Hitachi Vantara Pentaho Community Wiki
Child pages
  • Get Data from XML - Handling Large Files
Skip to end of metadata
Go to start of metadata

When you want to read in large files the following ongoing is recommended

  • Create a smaller file if you want to use the "Get XPath nodes" or "Get Fields"buttons (it simplifies your life a lot).
  • Define the property "Prune path to handle large files". When the prune path is given, the file is processed in a streaming mode in chunks of data separated by the prune path. At first this can be almost the same as the "Loop XPath" property with some exceptions:
    • Only node names and slashes are allowed here (if your document and Loop XPath includes namespaces, do not enter them here)
    • You can define the prune path different to the Loop XPath and start at a higher level, examples are below.
  • Memory considerations: About one percent of the file size is needed as memory when you prune at the lowest level.

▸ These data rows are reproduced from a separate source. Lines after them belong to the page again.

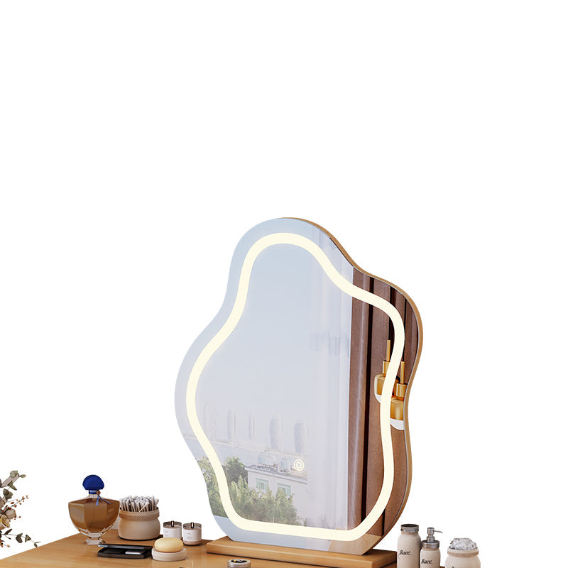 The raw wood-coloured make-up dresser with storage cabinet comes with a unique cloud-shaped illuminated vanity mirror, creating a beauty space that is both stylish and functional. Crafted from durable rubberwood, its sleek white finish adds a touch of modern elegance to your decor. Built-in storage cabinets provide ample space for cosmetics and essentials, ensuring a tidy environment.
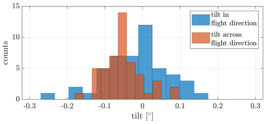 The mean tilt across flight direction is with a RMSE of 0.085 and the mean tilt in flight direction is with a RMSE of . The tilt estimates for the precision are nearly the same and the standard deviation is within the same magnitude.
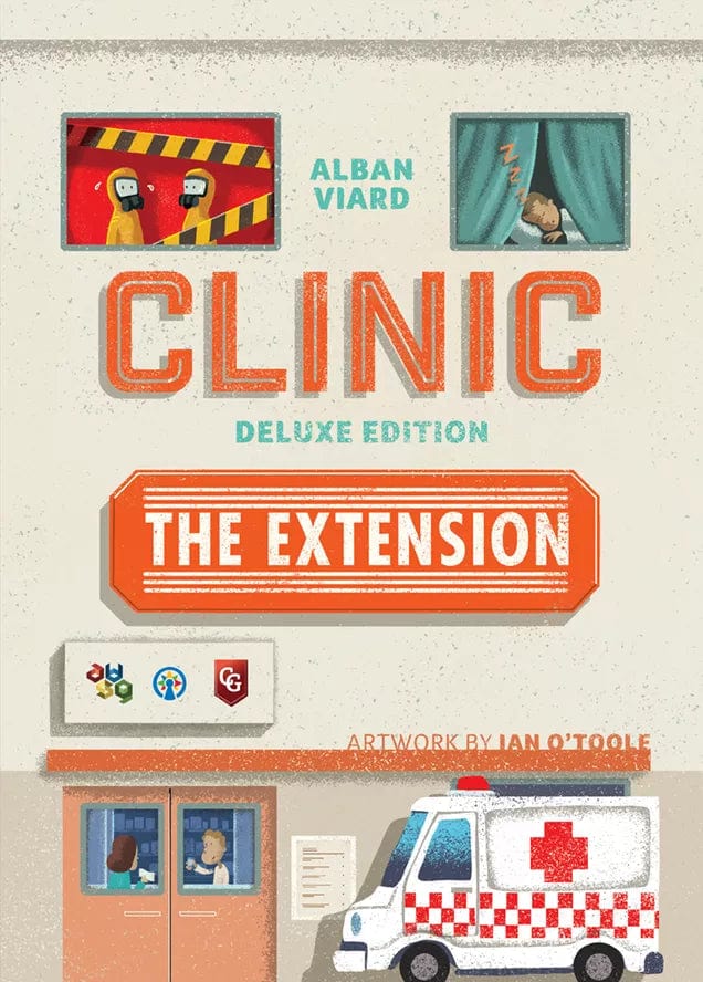 The brand newest CliniC: Deluxe Edition the Extension contains all expansions (at least 12 expansions) already released in the medical dossier #1, medical dossier #2 and medical dossier #3, with new rules, new components, new lay outs and new tiles with new graphics and illustrations from Ian O'Toole.
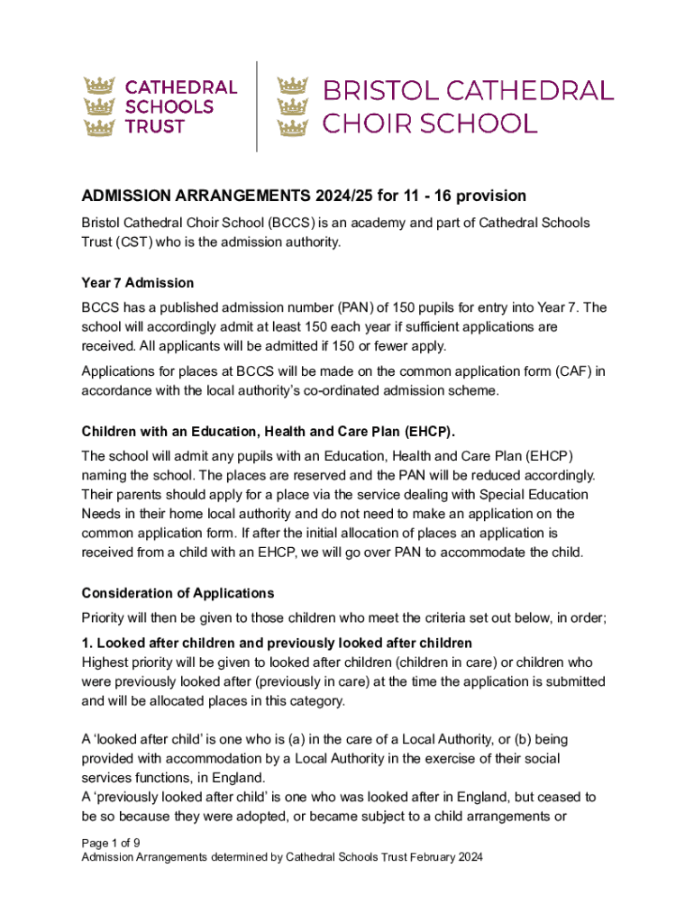 ADMISSION ARRANGEMENTS 2024/25 for 11 16 provision Bristol Cathedral Choir School (BCCS) is an academy and part of Cathedral Schools Trust (CST) who is the admission authority. Year 7 Admission BCCS
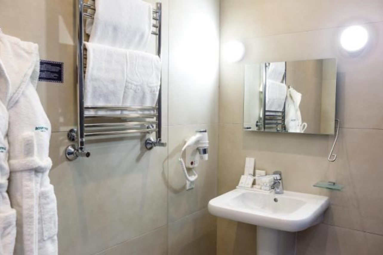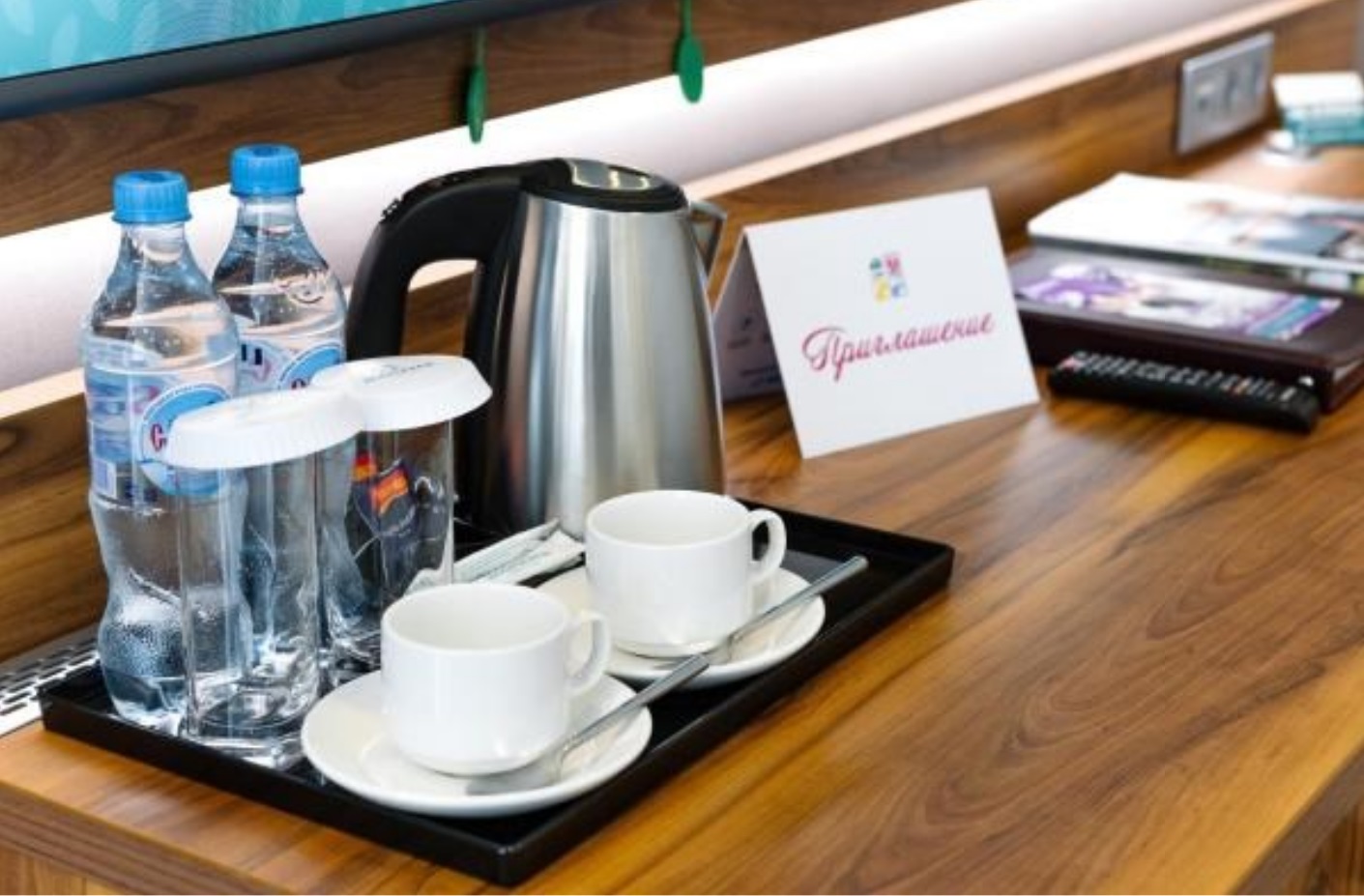 Большой номер площадью 45-50 кв.м. В номере: прихожая, гостиная, встроенные шкафы, сейф, телевизор, широкая кровать, рабочий стол со стульями, гладильная станция, чайный набор, набор посуды.

That means for a 1GB file, you would need about 100MB of extra memory what is normally within the range of the default Java VM setting of 256MB that we use. (If you need higher values, please chage the -Xmx256m option in your .bat or .sh files.)

Notes:

  • When detailed logging is activated you will see log entries of: "Streaming mode for processing large XML files is activated."
  • Ensure to disable debug logging for processing large files.
  • The pruning (streaming) mode is not possible when "XML source is defined in a field" is activated.
  • Do not prune at lower levels then the Loop XPath... otherwise you get too much elements.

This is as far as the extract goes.